It was when I was brought to the principal’s office that I realized I had been molested. I had casually mentioned what I had done with John and Mariah, and the next thing I knew I was sitting in the principal’s office with the school counselor and my parents. The counselor had talked to me about how what my siblings had done to me. As an 11 year old girl I was unable to consent to what they had done to me and my brother was being arrested for statutory rape. My sister had confessed that John had forced her into having sex with him and because she was 18 she was charged with second degree rape and sentenced to 6 years in jail. My brother was 17, but was tried as an adult because he was the one behind the assault and is being in New Mexico he was also sent to jail but for 10 years.
After it was explained what had actually happened to me I felt sick. I felt violated and betrayed by my older siblings, they had betrayed my trust and taken advantage of me. After what happened my interest and attraction to men had been entirely gone, I had a hard time trusting men in my life after this.
The case didn’t go to trial as my brother had confessed to his crimes and my siblings were quickly sentenced.
After that my parents didn’t talk to me, I felt like they blamed me for what happened. My dad mostly, he was pissed at me for coming out with it what happened.
Because of my sexual assault and my siblings’ arrest the swapping experiment was canceled. The doctors from the lab informed us that due to the arrests they could not in good conscience return the rest subjects to their respective bodies. So now I was stuck as Dahlia, when I met up with Oliver on the last day at the lab he explained that he was sorry for what happened to me but was happy with his new body. I told him that it was fine and I would be fine as a girl. A lie but I would have to deal with my new reality, no sense in looking back.

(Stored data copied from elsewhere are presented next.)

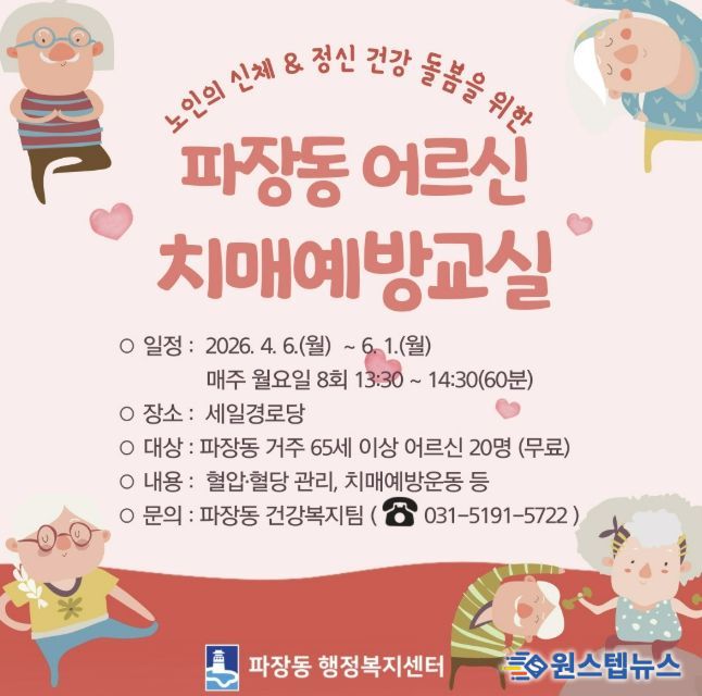 원스텝뉴스 이병희 기자 | 수원시 장안구 파장동은 관내 어르신들의 신체 및 정신건강 돌봄을 위해 ‘2026년 파장동 어르신 치매예방교실’을 장안구보건소 치매안심센터와 협업하여 운영한다고 밝혔다.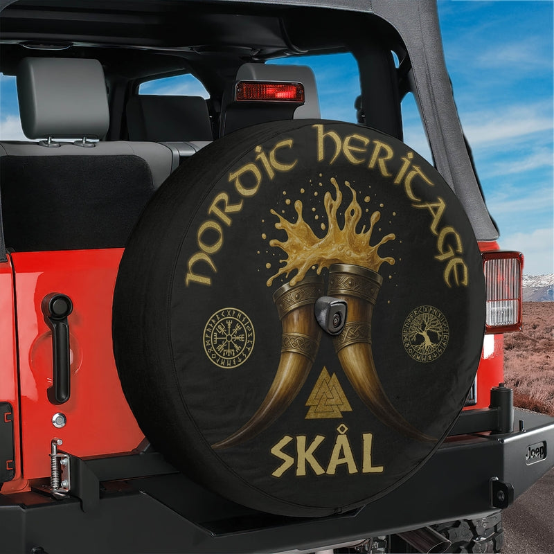 Raise a toast to the old gods wherever you roam with the Nordic Heritage Skål Toast spare tire cover. Featuring clashing Viking horns, runic symbols, and an optional backup camera hole, it brings bold Norse energy to your Jeep, Bronco, RV, or overland rig.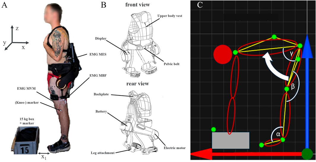 Figure 1. (A) Subject wearing the Apogee exoskeleton in front of the 15 kg box. x1 represents the horizontal distance between the participant and the load (about 15 cm). The box has the dimensions (40 × 30 × 22 cm) and lies with its short side in the direction of the sagittal axis (x) of the body. The box was grasped by the side handles with both hands. No gloves were worn. The initial and final height of the load were 0 cm and 64.2 ± 4.1 cm, respectively. Both feet were parallel to each other with a distance of about 20 cm. The reflective markers (white spheres) are labelled as an example for the knee joint. The positions of the EMG electrodes are indicated for the MES, MBF and MVM. (B) Schematic illustration of the Exoskeleton “Apogee” used in this study. (C) Schematic representation of the stoop-technique. The main movement is indicated by the white arrow. The green dots correspond to the positions of the optical markers. Red (x) and blue (z) arrows indicate the horizontal and vertical directions, respectively. The calculated joint angles are marked in white: α–ankle, β–knee, γ–hip.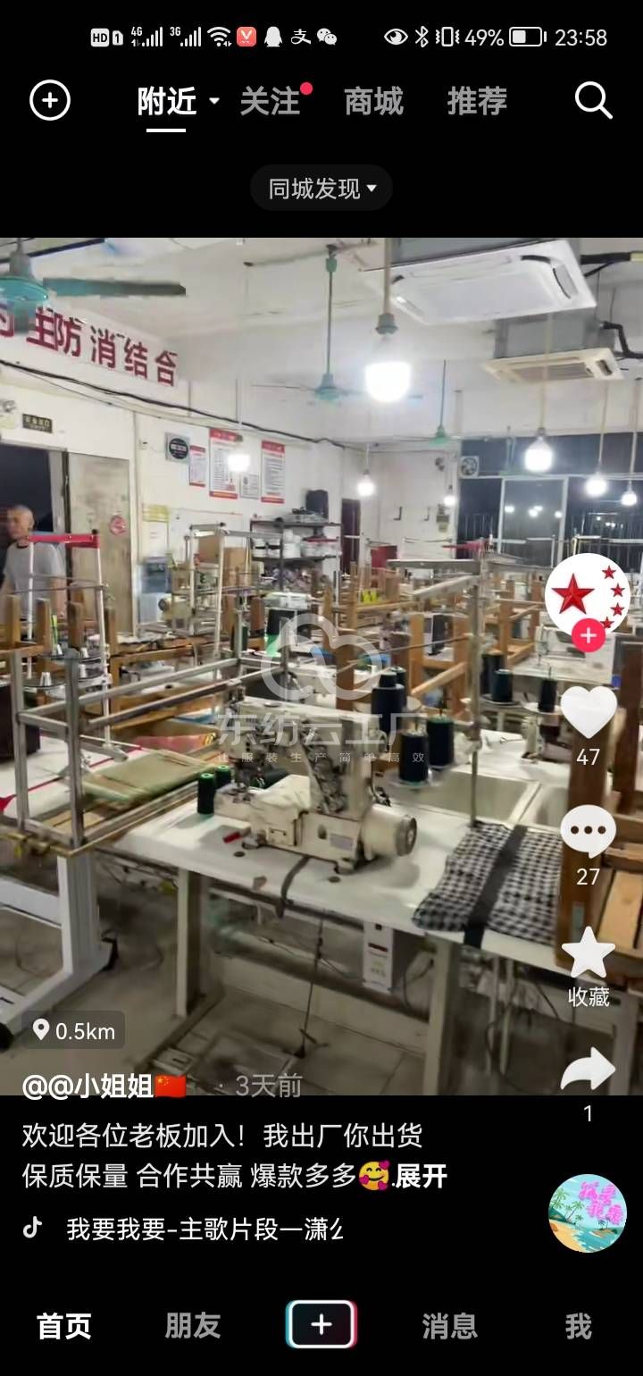 自动拉布机:1台,电脑自动裁:3台,啤机:1台,松布机:1台,定扣机:2台,剪线机:2台,断布机:1台,钉扣:2台,自动打扣机:2台,颗粒炉:2台,平眼:2台,平车:28台,电烫炉:2台,打边机:15台,双针车:2台,电剪:3台,烫台:2台,冚车:2台,唛架机:1台,锅炉:2台,水空调:2台,裁床:1台,五线:5台,四线:15台

3 years later and I had grown, my breasts had already grown to a large b cup and my body had slimmed down. After what happened I stopped working out, every time I went to the gym I saw men that reminded me of John, and because of my maturing I would be cat called and I feared going out or showing off my body.
I had taken to dressing in dark clothes that covered my body, I wore my hair long and in my face, the only makeup I wore was black and heavy. My mom said it was just a “phase” as I began to listen to death metal and started acting out in school. I started hanging out with “a bad crowd” and had gotten tattoos from a girlfriend, pierced my face and body. I had learned guitar from my dad when I was male and now used those skills and “wasted my talent” ,as James would say, by playing heavy metal on my electric guitar. I had taken to calling my father by his first name, James, after we had a fight a couple years back when he was sick and tired of my “moping” and he straight up said that I had ruined the family by telling the truth about what John and Mariah had done to me. My mother tried to be supportive but wished that I would dress in pretty bright clothes like when I was younger.
I was ditching class again and smoking on the school’s roof, I flicked the cigarette from between my black painted nails that were chewed up, a habit that had become more pronounced after I was assaulted. I snuck through the school and jumped the fence to go to the skate park.